**RECORDED INFORMATION:**
<<<<

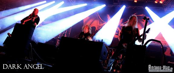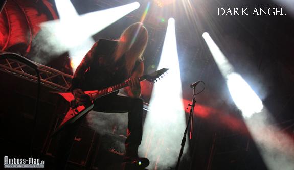 Thrash-Legende DARK ANGEL sind somit erster Headliner des Festivals und damit die ersten 33% auf dieser Position, die ich dort nicht erwartet hätte. Ich erkenne ihre Position und ihren Stand an, habe aber keinen Bezug zu der Band. Jedoch sehe ich Gene Hoglan immer gern am Schlagzeug und auch heute hat er wieder abgeliefert. Der Rest war weder musikalisch noch sonstwie interessant, wobei ich neidlos zugestehen muss, dass die Band die komplette Zeit richtig Gas gibt auf der Bühne und Sänger Ron plötzlich komplett im Publikum verschwunden war. Nach 4 Songs wird dann die komplette „Darkness Descends“ rausgehauen. Für viele ein Traum. Somit endet der erste Festivaltag.
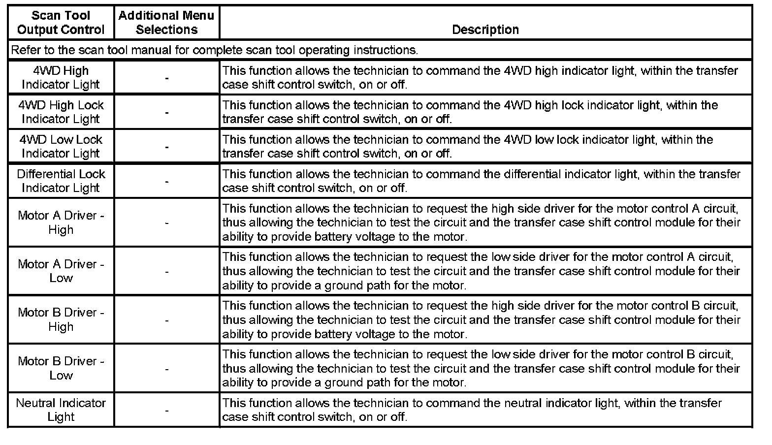 Scan Tool Output Controls:
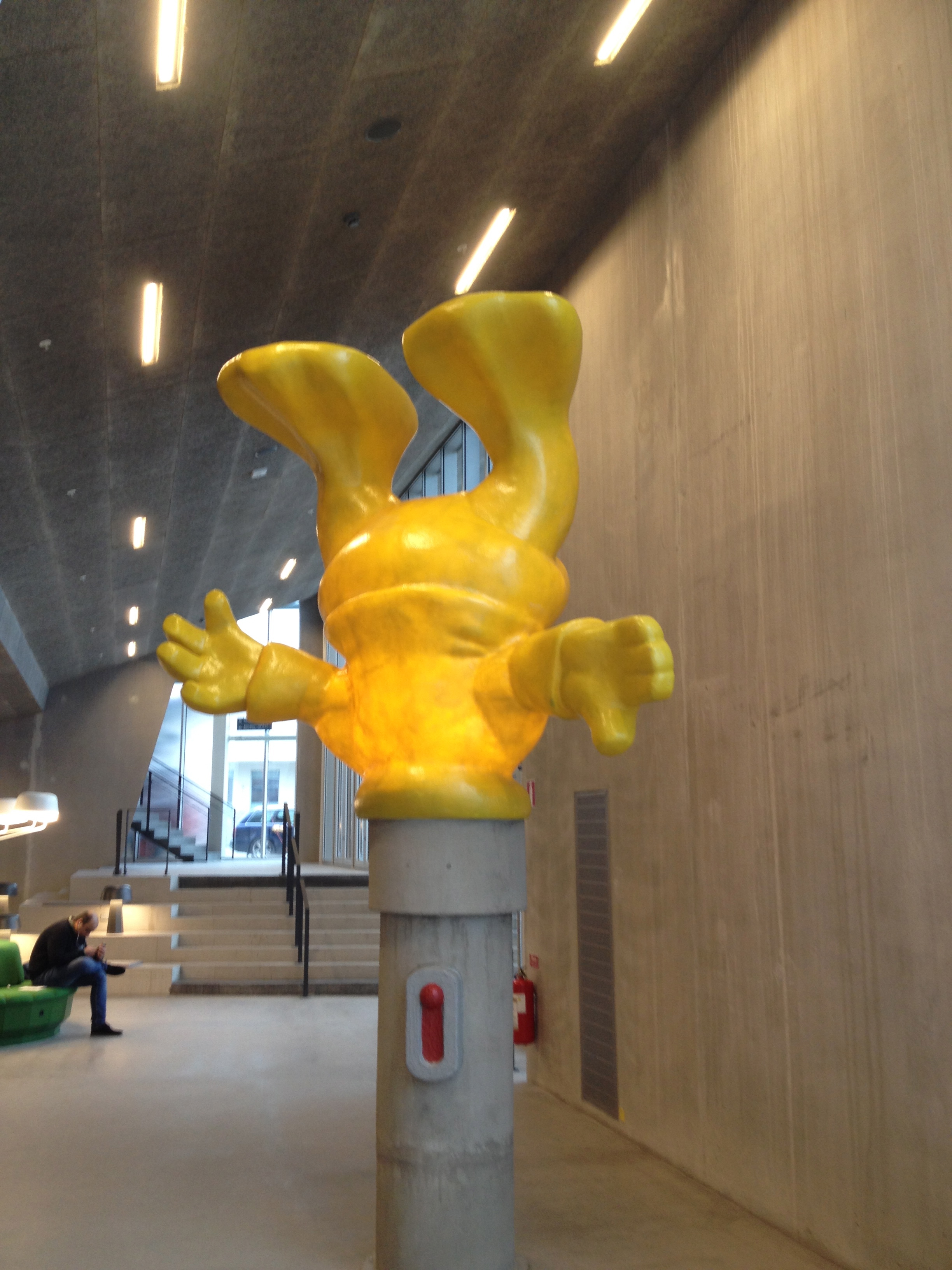 I Handelshögskolans nybyggda Nova-hus därstädes finns ett konstverk i form av en anka (bilden). Joakim von Anka upp-och-ner-vänd, antar jag. Konstverket heter Ankeborg (Lena Flodman är konstnär).

>>>>

**ASSIGNMENT:** An exact, picture-free copy of the listing above is the goal; write it out now.

**RESPONSE TO THIS TASK:**
 Thrash-Legende DARK ANGEL sind somit erster Headliner des Festivals und damit die ersten 33% auf dieser Position, die ich dort nicht erwartet hätte. Ich erkenne ihre Position und ihren Stand an, habe aber keinen Bezug zu der Band. Jedoch sehe ich Gene Hoglan immer gern am Schlagzeug und auch heute hat er wieder abgeliefert. Der Rest war weder musikalisch noch sonstwie interessant, wobei ich neidlos zugestehen muss, dass die Band die komplette Zeit richtig Gas gibt auf der Bühne und Sänger Ron plötzlich komplett im Publikum verschwunden war. Nach 4 Songs wird dann die komplette „Darkness Descends“ rausgehauen. Für viele ein Traum. Somit endet der erste Festivaltag.
 Scan Tool Output Controls:
 I Handelshögskolans nybyggda Nova-hus därstädes finns ett konstverk i form av en anka (bilden). Joakim von Anka upp-och-ner-vänd, antar jag. Konstverket heter Ankeborg (Lena Flodman är konstnär).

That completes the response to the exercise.